I would keep the Pillow-based implementation and maybe add a toggle switch (environment flag) for choosing between both strategies explicitly. Alternatively we can use the ImageMagick-based strategy as a fallback to the Pillow-strategy implicitly.
With kind regards, Andreas.
@amotl I actually think Pillow is distributing a compiled version that works with tiff: https://pypi.python.org/pypi/Pillow/5.0.0
I just typed pip install Pillow
, and doesn't even check for my -dev packages to compile, and according to https://pillow.readthedocs.io/en/latest/releasenotes/5.0.0.html#compressed-tiff-images it's using libtiff. So probably pip install in any env will work.
But I still think the ImageMagick could be a fallback, maybe we could try to convert first with env PIL and, if we get an error, go with ImageMagick for the following tries. What do you think?
Regards, Roberto
I ve experimented ImageMagic 10 years ago. It works fine on all environments and was (at this time) easy to use and configure.
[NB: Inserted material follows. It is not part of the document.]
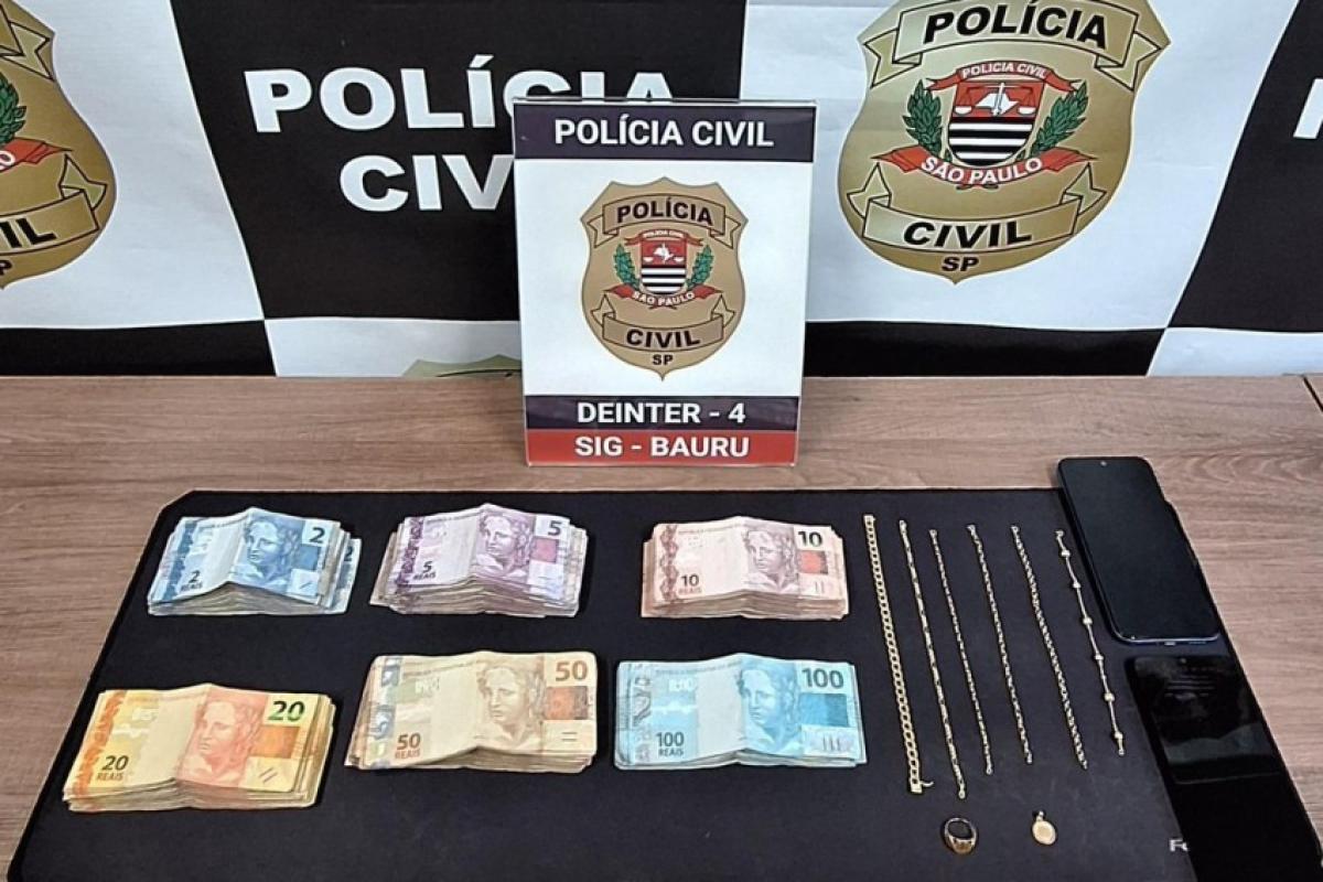 Após investigações, policiais civis do Setor de Investigações Gerais (SIG) da Central de Polícia Judiciária (CPJ) de Bauru identificaram, nesta quinta-feira (2), um casal suspeito de praticar furtos em série em lojas de Bauru e região de uma conhecida rede de joias, além de três suspeitos de receptação. A Polícia Civil recuperou parte das peças, uma delas avaliada em mais de R$ 8 mil, e apreendeu grande quantia em dinheiro.

But you choose the way
Well. I could manage those files. The error wasn't to handle the tiff files but to save them properly : I had to add a "binary" switch. Now it works fine (for the lentille case almost)
Hi there,
it just happened that i installed a fresh release of my OS, from now i will be using Homebrew instead of Macports and all the jazz under the hood (Xcode, etc.) also is up-to-date right now. So, i will give installing Pillow a try whether it does support compressed TIFF images properly now.
The error wasn't to handle the tiff files but to save them properly : I had to add a "binary" switch.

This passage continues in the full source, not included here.